§ **Records from a dataset**

§ §

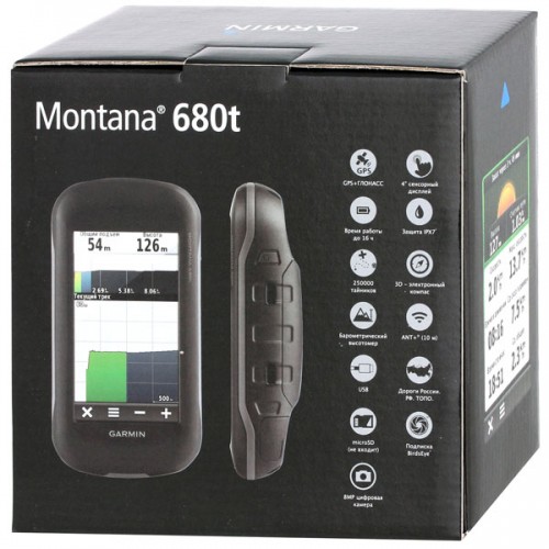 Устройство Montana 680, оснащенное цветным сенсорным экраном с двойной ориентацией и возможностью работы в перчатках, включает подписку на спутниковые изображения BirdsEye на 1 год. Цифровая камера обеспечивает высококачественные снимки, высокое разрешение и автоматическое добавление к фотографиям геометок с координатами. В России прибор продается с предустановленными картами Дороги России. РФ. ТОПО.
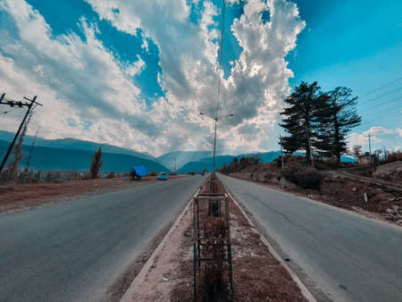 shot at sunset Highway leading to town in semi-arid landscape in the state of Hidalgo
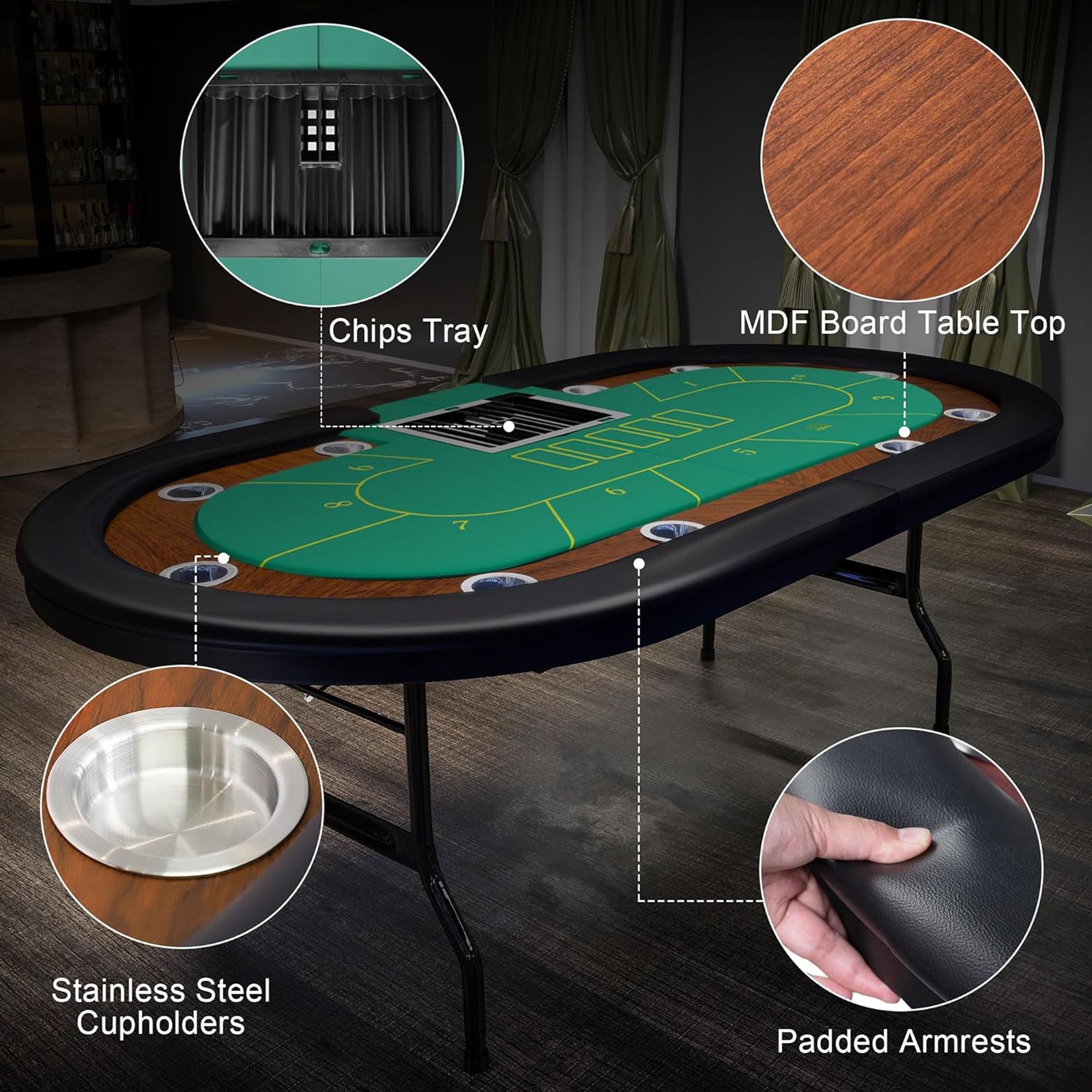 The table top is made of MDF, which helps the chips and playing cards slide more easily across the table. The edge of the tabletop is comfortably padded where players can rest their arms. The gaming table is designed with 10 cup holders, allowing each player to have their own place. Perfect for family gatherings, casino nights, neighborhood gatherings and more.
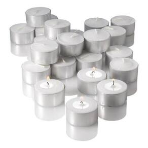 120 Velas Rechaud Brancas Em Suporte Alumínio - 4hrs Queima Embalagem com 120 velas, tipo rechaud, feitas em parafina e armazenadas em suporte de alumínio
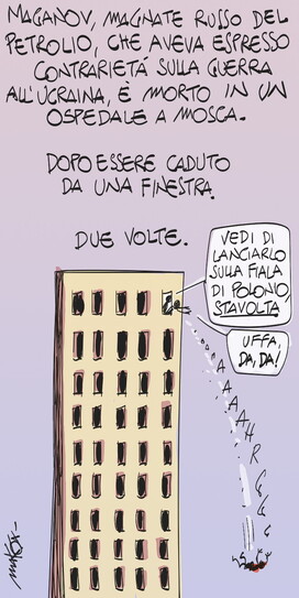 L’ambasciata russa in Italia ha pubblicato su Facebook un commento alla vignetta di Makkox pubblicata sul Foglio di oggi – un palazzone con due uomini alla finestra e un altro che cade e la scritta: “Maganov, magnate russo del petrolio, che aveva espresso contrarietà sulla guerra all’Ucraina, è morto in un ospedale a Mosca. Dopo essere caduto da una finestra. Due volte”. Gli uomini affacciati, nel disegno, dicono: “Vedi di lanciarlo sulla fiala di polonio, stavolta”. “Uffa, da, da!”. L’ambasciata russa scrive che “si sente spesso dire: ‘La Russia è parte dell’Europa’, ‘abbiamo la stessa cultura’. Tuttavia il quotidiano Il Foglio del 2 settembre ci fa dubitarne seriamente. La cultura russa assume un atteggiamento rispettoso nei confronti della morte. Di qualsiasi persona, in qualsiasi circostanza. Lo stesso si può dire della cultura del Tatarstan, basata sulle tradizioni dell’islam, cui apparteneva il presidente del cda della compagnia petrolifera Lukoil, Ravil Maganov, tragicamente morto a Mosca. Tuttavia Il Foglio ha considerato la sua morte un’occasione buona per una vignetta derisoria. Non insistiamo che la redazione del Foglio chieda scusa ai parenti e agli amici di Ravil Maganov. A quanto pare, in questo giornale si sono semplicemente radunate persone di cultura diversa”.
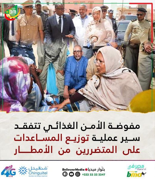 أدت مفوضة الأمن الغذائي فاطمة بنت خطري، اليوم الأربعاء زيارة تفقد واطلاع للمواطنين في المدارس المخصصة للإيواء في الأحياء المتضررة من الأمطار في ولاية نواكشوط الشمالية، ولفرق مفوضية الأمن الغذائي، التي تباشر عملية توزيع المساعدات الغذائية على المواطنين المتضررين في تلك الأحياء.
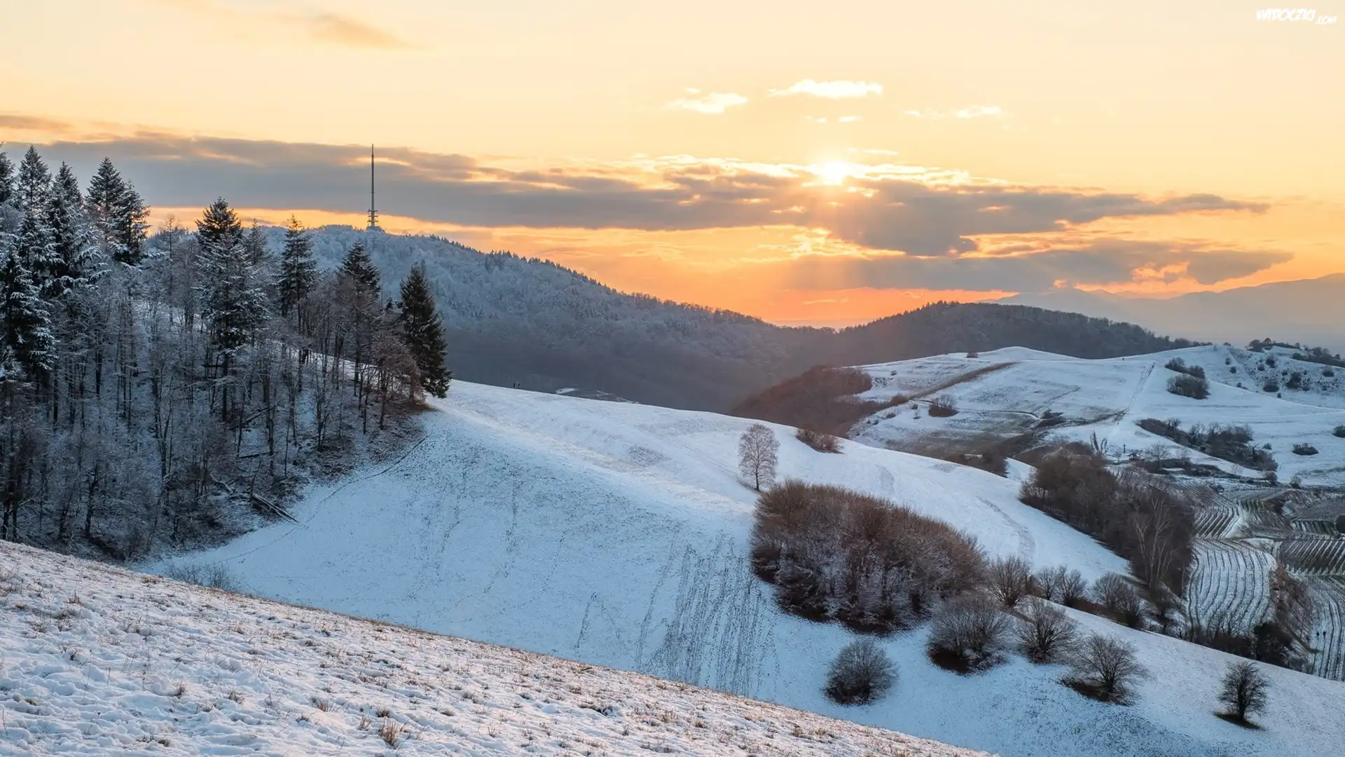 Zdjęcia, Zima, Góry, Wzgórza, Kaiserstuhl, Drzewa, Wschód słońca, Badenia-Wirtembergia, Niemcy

§ §

§ **WHAT THIS TASK INVOLVES**
Your reply should be the entries copied exactly, with all images omitted.

§ **RESPONSE BELOW**
 Устройство Montana 680, оснащенное цветным сенсорным экраном с двойной ориентацией и возможностью работы в перчатках, включает подписку на спутниковые изображения BirdsEye на 1 год. Цифровая камера обеспечивает высококачественные снимки, высокое разрешение и автоматическое добавление к фотографиям геометок с координатами. В России прибор продается с предустановленными картами Дороги России. РФ. ТОПО.
 shot at sunset Highway leading to town in semi-arid landscape in the state of Hidalgo
 The table top is made of MDF, which helps the chips and playing cards slide more easily across the table. The edge of the tabletop is comfortably padded where players can rest their arms. The gaming table is designed with 10 cup holders, allowing each player to have their own place. Perfect for family gatherings, casino nights, neighborhood gatherings and more.
 120 Velas Rechaud Brancas Em Suporte Alumínio - 4hrs Queima Embalagem com 120 velas, tipo rechaud, feitas em parafina e armazenadas em suporte de alumínio
 L’ambasciata russa in Italia ha pubblicato su Facebook un commento alla vignetta di Makkox pubblicata sul Foglio di oggi – un palazzone con due uomini alla finestra e un altro che cade e la scritta: “Maganov, magnate russo del petrolio, che aveva espresso contrarietà sulla guerra all’Ucraina, è morto in un ospedale a Mosca. Dopo essere caduto da una finestra. Due volte”. Gli uomini affacciati, nel disegno, dicono: “Vedi di lanciarlo sulla fiala di polonio, stavolta”. “Uffa, da, da!”. L’ambasciata russa scrive che “si sente spesso dire: ‘La Russia è parte dell’Europa’, ‘abbiamo la stessa cultura’. Tuttavia il quotidiano Il Foglio del 2 settembre ci fa dubitarne seriamente. La cultura russa assume un atteggiamento rispettoso nei confronti della morte. Di qualsiasi persona, in qualsiasi circostanza. Lo stesso si può dire della cultura del Tatarstan, basata sulle tradizioni dell’islam, cui apparteneva il presidente del cda della compagnia petrolifera Lukoil, Ravil Maganov, tragicamente morto a Mosca. Tuttavia Il Foglio ha considerato la sua morte un’occasione buona per una vignetta derisoria. Non insistiamo che la redazione del Foglio chieda scusa ai parenti e agli amici di Ravil Maganov. A quanto pare, in questo giornale si sono semplicemente radunate persone di cultura diversa”.
 أدت مفوضة الأمن الغذائي فاطمة بنت خطري، اليوم الأربعاء زيارة تفقد واطلاع للمواطنين في المدارس المخصصة للإيواء في الأحياء المتضررة من الأمطار في ولاية نواكشوط الشمالية، ولفرق مفوضية الأمن الغذائي، التي تباشر عملية توزيع المساعدات الغذائية على المواطنين المتضررين في تلك الأحياء.
 Zdjęcia, Zima, Góry, Wzgórza, Kaiserstuhl, Drzewa, Wschód słońca, Badenia-Wirtembergia, Niemcy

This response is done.